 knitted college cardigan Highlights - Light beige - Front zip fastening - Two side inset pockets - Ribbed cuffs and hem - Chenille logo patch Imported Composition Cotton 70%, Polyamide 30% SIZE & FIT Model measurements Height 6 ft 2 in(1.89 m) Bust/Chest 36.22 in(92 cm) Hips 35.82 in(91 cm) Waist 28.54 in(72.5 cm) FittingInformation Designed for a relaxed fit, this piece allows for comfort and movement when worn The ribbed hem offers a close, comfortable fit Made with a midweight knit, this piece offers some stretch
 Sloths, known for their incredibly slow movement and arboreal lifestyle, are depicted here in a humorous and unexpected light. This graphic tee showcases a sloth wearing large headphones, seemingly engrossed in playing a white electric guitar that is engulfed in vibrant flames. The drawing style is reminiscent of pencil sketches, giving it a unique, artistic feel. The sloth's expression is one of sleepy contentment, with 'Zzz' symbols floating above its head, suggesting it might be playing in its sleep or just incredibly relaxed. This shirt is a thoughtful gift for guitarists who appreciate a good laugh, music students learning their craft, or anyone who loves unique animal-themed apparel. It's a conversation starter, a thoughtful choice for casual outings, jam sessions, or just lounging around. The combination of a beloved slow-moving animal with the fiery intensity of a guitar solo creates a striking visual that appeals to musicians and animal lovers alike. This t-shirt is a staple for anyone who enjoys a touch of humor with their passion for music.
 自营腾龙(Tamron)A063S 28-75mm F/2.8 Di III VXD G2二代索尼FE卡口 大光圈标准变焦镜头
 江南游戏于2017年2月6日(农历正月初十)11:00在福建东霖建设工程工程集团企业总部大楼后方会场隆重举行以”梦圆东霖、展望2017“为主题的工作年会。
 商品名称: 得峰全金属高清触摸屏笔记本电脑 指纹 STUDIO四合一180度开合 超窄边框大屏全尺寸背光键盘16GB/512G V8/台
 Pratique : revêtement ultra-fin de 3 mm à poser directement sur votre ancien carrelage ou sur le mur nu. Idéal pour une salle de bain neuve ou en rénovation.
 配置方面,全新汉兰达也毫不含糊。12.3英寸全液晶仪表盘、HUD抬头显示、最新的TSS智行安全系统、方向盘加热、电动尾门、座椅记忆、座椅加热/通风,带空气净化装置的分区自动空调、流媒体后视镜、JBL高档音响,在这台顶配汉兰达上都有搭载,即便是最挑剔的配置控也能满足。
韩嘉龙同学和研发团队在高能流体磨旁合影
+ + + + +
◆ Exercise: Everything from the line containing "江南游戏于2017年2月6日" to the last line of the entries above should be quoted exactly, and only that.

◆ Expected output:
 江南游戏于2017年2月6日(农历正月初十)11:00在福建东霖建设工程工程集团企业总部大楼后方会场隆重举行以”梦圆东霖、展望2017“为主题的工作年会。
 商品名称: 得峰全金属高清触摸屏笔记本电脑 指纹 STUDIO四合一180度开合 超窄边框大屏全尺寸背光键盘16GB/512G V8/台
 Pratique : revêtement ultra-fin de 3 mm à poser directement sur votre ancien carrelage ou sur le mur nu. Idéal pour une salle de bain neuve ou en rénovation.
 配置方面,全新汉兰达也毫不含糊。12.3英寸全液晶仪表盘、HUD抬头显示、最新的TSS智行安全系统、方向盘加热、电动尾门、座椅记忆、座椅加热/通风,带空气净化装置的分区自动空调、流媒体后视镜、JBL高档音响,在这台顶配汉兰达上都有搭载,即便是最挑剔的配置控也能满足。
韩嘉龙同学和研发团队在高能流体磨旁合影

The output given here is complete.